● What you need to do
From the first line of the entries down to the line with "Lithium-ion battery pioneer", write out every line exactly; that last line counts, but pictures do not.

[Record excerpts Boundary: Start]

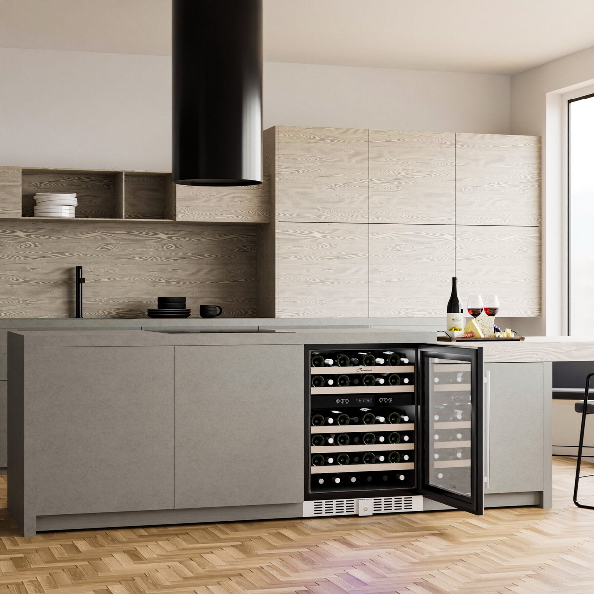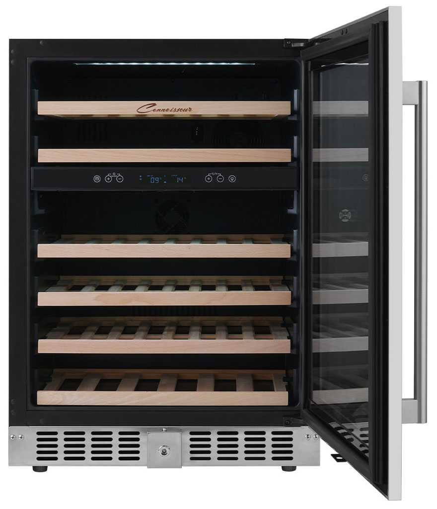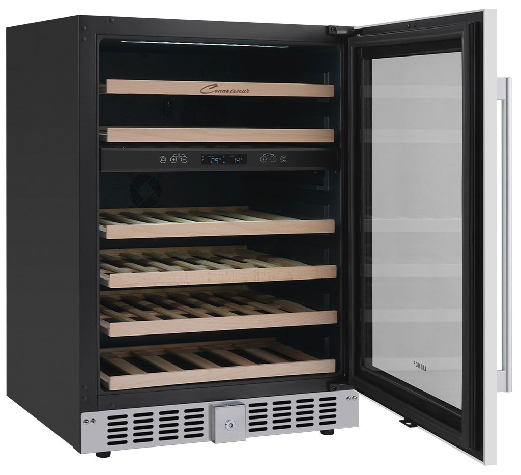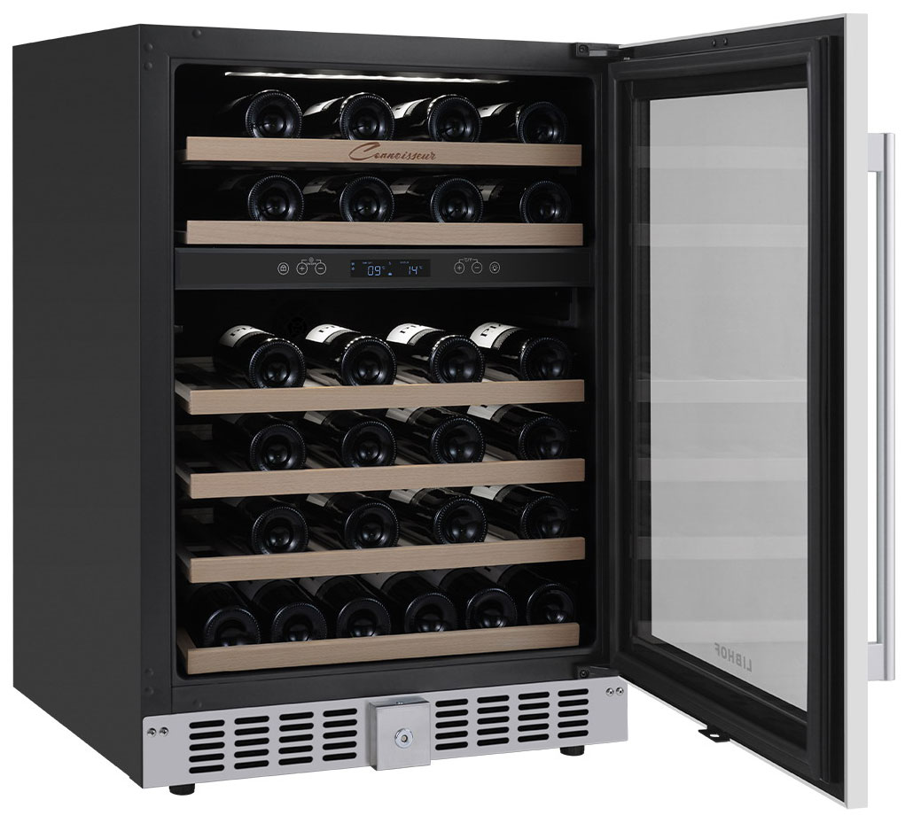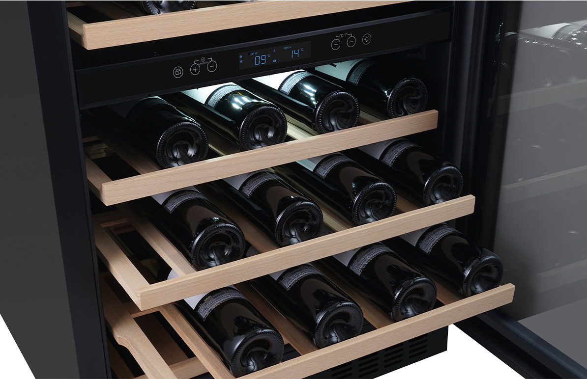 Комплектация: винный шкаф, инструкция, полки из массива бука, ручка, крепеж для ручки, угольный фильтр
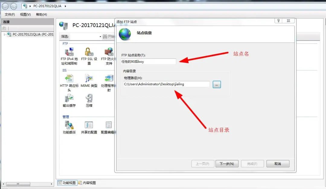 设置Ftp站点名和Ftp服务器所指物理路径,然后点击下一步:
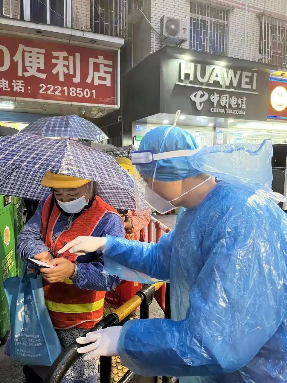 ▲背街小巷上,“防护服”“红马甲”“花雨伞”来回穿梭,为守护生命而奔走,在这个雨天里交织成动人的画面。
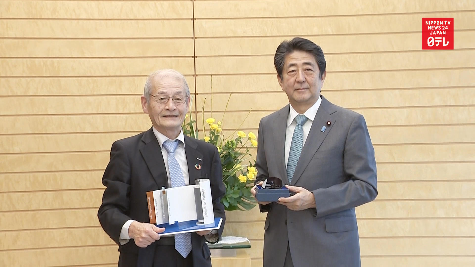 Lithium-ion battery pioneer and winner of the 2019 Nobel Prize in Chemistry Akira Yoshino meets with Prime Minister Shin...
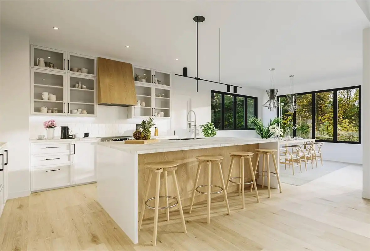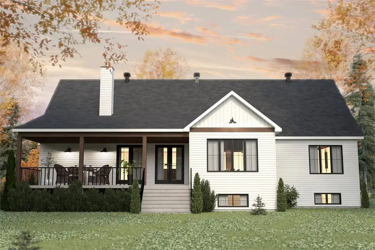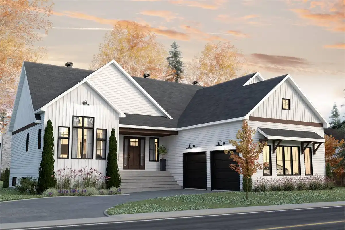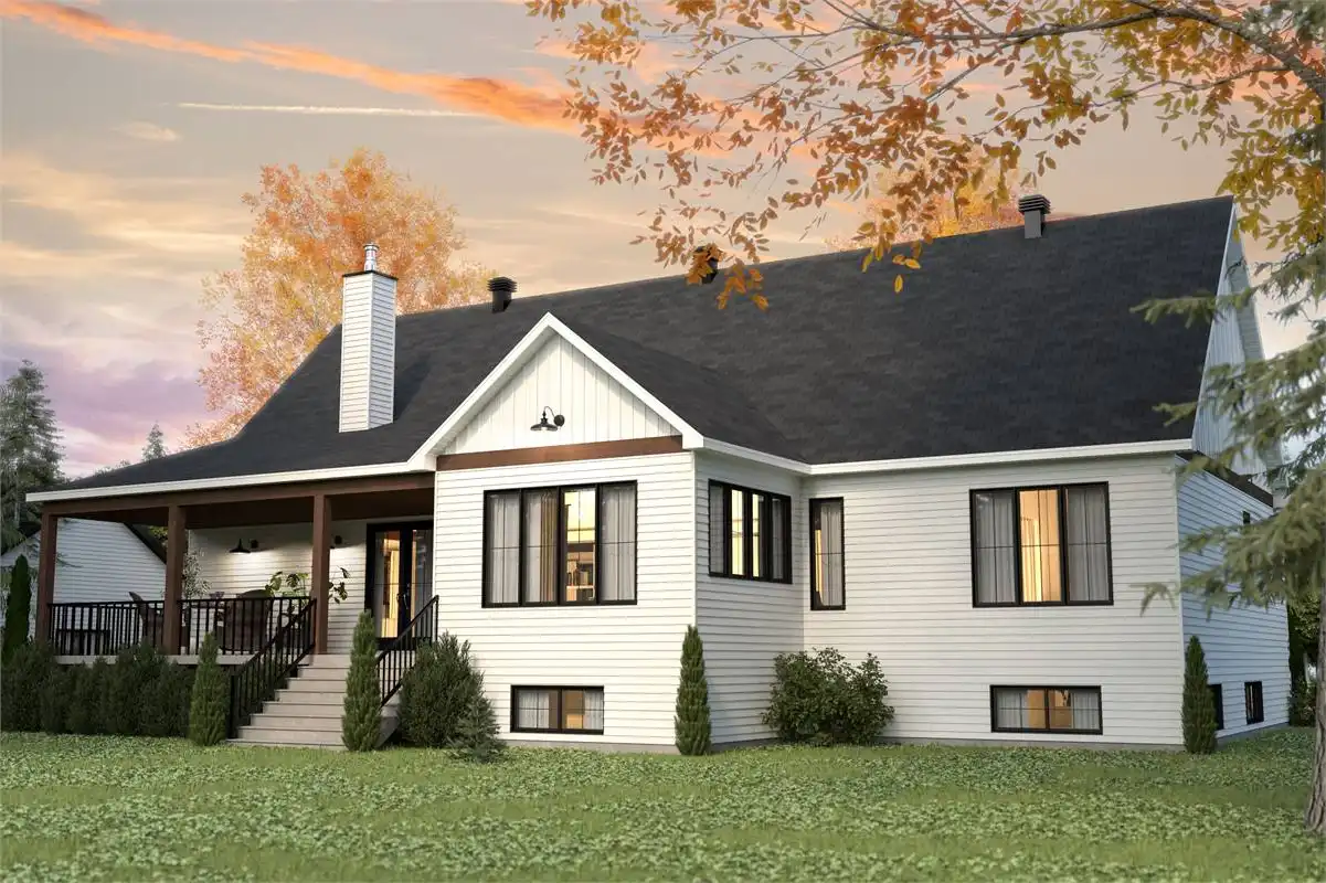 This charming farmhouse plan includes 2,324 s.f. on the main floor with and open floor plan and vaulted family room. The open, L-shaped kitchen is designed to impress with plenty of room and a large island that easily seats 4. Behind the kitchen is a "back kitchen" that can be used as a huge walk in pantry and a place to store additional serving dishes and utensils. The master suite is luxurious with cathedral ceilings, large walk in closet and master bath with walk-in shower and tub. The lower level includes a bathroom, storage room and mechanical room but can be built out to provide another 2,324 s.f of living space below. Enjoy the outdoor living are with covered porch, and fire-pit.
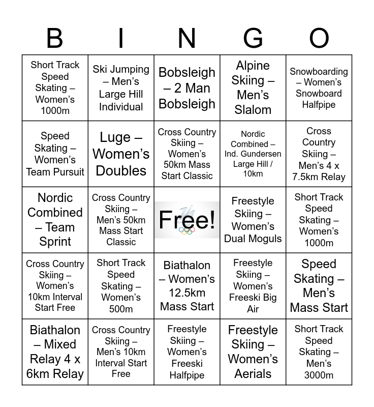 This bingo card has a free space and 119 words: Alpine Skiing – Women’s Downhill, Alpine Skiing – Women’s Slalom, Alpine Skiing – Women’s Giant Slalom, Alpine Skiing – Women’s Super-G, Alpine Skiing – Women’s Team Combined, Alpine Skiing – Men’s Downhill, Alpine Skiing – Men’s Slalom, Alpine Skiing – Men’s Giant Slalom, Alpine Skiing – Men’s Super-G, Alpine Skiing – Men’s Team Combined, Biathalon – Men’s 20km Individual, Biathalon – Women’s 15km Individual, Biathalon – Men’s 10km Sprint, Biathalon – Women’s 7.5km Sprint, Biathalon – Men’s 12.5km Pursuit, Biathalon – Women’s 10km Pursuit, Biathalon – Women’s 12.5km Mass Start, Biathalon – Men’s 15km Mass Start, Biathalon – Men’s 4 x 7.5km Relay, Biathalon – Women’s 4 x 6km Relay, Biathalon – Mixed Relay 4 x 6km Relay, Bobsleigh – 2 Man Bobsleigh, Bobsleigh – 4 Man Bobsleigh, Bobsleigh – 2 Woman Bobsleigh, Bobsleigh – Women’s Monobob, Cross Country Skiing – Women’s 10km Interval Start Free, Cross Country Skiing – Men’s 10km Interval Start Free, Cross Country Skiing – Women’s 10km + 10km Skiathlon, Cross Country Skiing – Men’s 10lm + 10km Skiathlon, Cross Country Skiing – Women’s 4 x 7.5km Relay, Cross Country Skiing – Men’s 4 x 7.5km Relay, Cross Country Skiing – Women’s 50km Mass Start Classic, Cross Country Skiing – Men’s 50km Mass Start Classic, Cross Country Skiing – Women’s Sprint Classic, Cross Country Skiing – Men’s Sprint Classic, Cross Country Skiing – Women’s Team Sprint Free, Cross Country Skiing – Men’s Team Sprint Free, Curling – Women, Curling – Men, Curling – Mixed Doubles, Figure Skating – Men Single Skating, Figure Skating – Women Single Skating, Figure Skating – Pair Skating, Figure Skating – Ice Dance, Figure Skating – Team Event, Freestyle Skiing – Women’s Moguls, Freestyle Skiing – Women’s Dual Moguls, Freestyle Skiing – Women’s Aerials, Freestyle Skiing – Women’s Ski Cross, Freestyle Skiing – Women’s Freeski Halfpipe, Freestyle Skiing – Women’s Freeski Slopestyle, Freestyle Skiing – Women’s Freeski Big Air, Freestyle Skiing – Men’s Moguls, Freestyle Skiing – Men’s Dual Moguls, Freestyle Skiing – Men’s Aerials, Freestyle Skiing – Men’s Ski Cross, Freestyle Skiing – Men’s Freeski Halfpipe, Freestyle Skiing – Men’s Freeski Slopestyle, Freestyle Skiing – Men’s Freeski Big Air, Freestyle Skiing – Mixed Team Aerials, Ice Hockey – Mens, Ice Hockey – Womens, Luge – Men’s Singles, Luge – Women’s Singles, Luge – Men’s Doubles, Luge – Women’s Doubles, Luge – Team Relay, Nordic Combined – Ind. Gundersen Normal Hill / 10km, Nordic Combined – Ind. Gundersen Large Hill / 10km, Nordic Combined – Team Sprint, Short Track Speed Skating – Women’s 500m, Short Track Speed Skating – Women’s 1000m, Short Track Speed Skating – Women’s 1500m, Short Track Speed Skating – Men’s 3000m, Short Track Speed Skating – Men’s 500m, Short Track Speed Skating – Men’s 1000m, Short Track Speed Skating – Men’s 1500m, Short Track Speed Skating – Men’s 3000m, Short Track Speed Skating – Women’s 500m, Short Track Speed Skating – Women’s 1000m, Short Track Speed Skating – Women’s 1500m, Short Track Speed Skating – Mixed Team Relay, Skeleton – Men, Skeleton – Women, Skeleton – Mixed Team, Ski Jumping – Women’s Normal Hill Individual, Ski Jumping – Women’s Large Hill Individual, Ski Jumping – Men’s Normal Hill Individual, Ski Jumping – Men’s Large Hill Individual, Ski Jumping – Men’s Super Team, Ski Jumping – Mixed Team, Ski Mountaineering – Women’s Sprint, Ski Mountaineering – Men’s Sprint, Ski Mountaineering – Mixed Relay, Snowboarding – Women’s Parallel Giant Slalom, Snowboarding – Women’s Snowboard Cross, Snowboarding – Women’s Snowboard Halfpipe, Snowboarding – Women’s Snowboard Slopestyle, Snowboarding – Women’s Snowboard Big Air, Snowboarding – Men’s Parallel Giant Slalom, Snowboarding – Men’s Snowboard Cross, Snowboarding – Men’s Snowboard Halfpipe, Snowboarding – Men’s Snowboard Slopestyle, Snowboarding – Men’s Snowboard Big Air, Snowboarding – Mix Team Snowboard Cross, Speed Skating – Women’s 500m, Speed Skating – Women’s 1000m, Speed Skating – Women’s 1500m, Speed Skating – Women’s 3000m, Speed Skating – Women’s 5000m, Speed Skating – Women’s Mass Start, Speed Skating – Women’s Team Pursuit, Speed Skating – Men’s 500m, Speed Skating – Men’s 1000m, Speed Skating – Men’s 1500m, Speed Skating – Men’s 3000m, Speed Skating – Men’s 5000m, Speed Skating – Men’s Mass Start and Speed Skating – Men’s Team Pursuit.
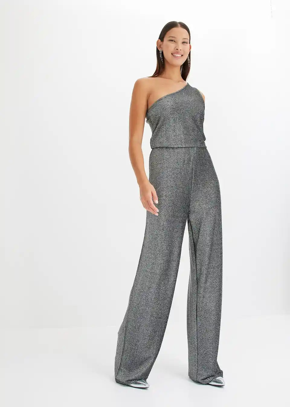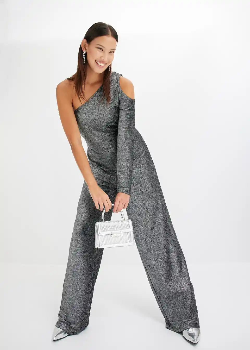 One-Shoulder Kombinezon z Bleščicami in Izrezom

[Record excerpts Boundary: End]

● Result of this exercise
 Комплектация: винный шкаф, инструкция, полки из массива бука, ручка, крепеж для ручки, угольный фильтр
 设置Ftp站点名和Ftp服务器所指物理路径,然后点击下一步:
 ▲背街小巷上,“防护服”“红马甲”“花雨伞”来回穿梭,为守护生命而奔走,在这个雨天里交织成动人的画面。
 Lithium-ion battery pioneer and winner of the 2019 Nobel Prize in Chemistry Akira Yoshino meets with Prime Minister Shin...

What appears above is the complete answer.